======== Recorded information ========
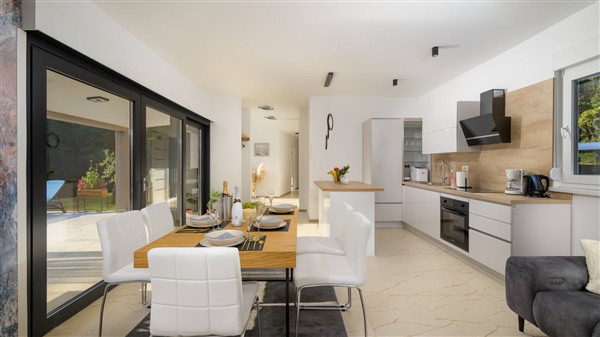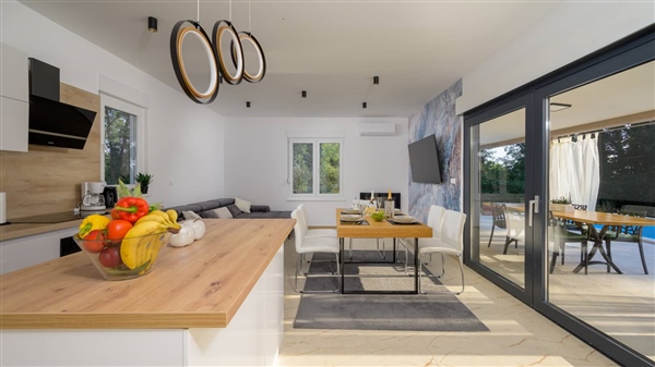 Čarobna priroda koja okružuje vilu mamit će vas da izađete van i uživate u suncu i miru u vrtu, na ležaljkama na terasi za sunčanje ili pripremite obrok na vanjskom roštilju i okupite se oko stola u vanjskoj blagovaonici.
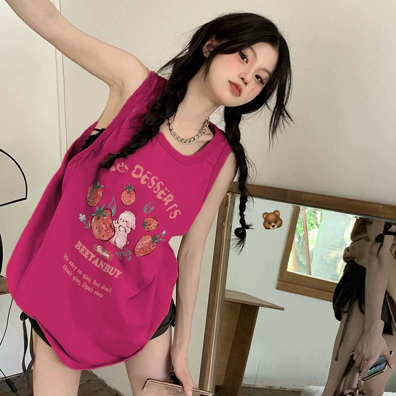 سترة نسائية صيفية مثيرة للفتيات 2023 لون فاكهة التنين الجديد أبيض بدون أكمام علوية كبيرة الحجم فضفاضة
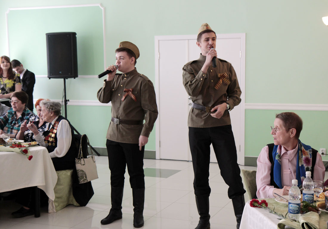 Прекрасным подарком для ветеранов вуза стали композиции военных лет в исполнении солистов арт-студии «Вереск» и группы «31 Регион». Исполнители великолепно передали каждый оттенок чувств песен, символизирующих собой целую эпоху.
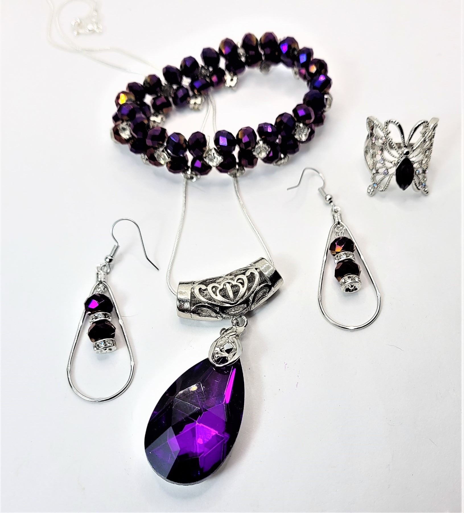 BRACELET WITH CLEAR CRYSTAL ACCENTS, DROP EARRINGS ON NICKLE FREE FISH HOOK WIRES, TEARDROP PENDANT ON 18" SNAKE CHAIN AND LAB CREATED AMETHYST BUTTERFLY RING WITH RAINBOW CRYSTAL ACCENTS, SIZE 8.***ITEM(S) LOCATED IN LETHBRIDGE ALBERTA
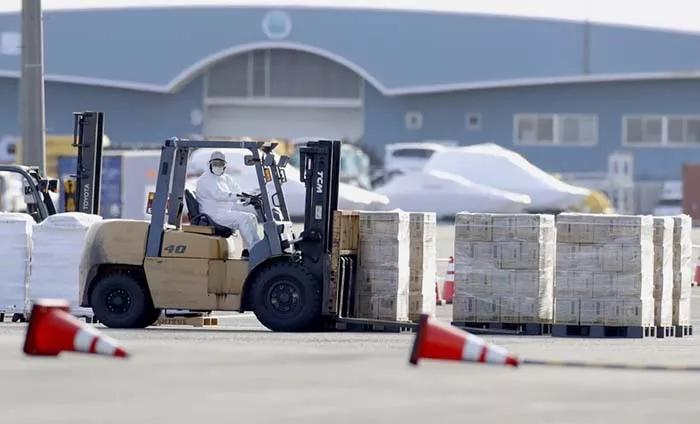 工作人員準(zhǔn)備為郵輪運(yùn)送物資
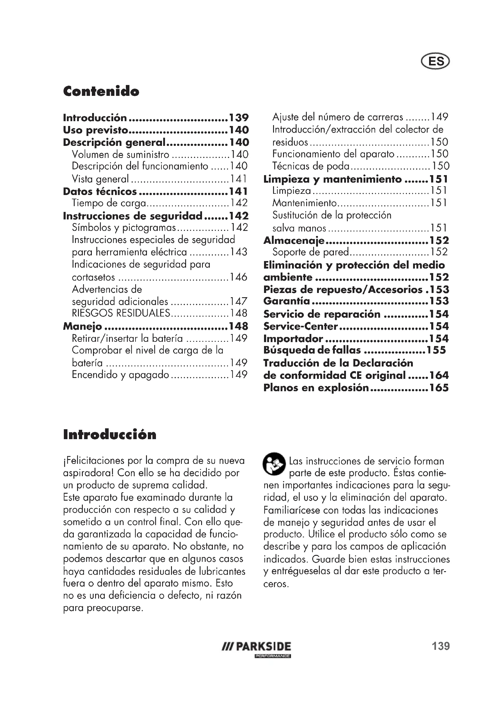 MANUAL DE USUARIO PPHSA 40Li A1 PARKSIDE
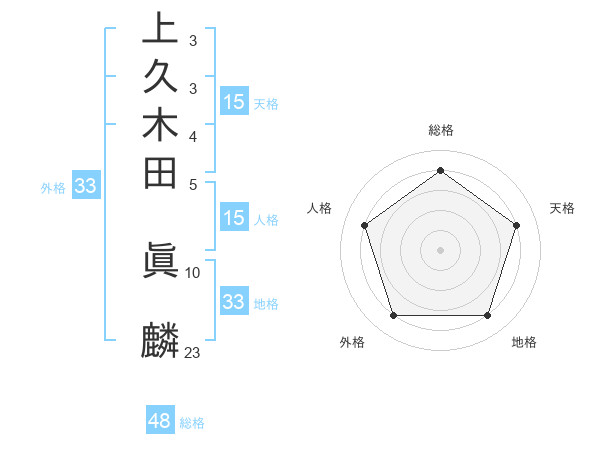 上久木田 眞麟さんを姓名の画数から五運を鑑定
========
> **What you have to do**
Whatever pictures the records hold, omit them; give again exactly the lines from the one containing "BRACELET WITH CLEAR" through the one containing "MANUAL DE USUARIO PPHSA 40Li A1 PARKSIDE".

> **Answer to this problem**
 BRACELET WITH CLEAR CRYSTAL ACCENTS, DROP EARRINGS ON NICKLE FREE FISH HOOK WIRES, TEARDROP PENDANT ON 18" SNAKE CHAIN AND LAB CREATED AMETHYST BUTTERFLY RING WITH RAINBOW CRYSTAL ACCENTS, SIZE 8.***ITEM(S) LOCATED IN LETHBRIDGE ALBERTA
 工作人員準(zhǔn)備為郵輪運(yùn)送物資
 MANUAL DE USUARIO PPHSA 40Li A1 PARKSIDE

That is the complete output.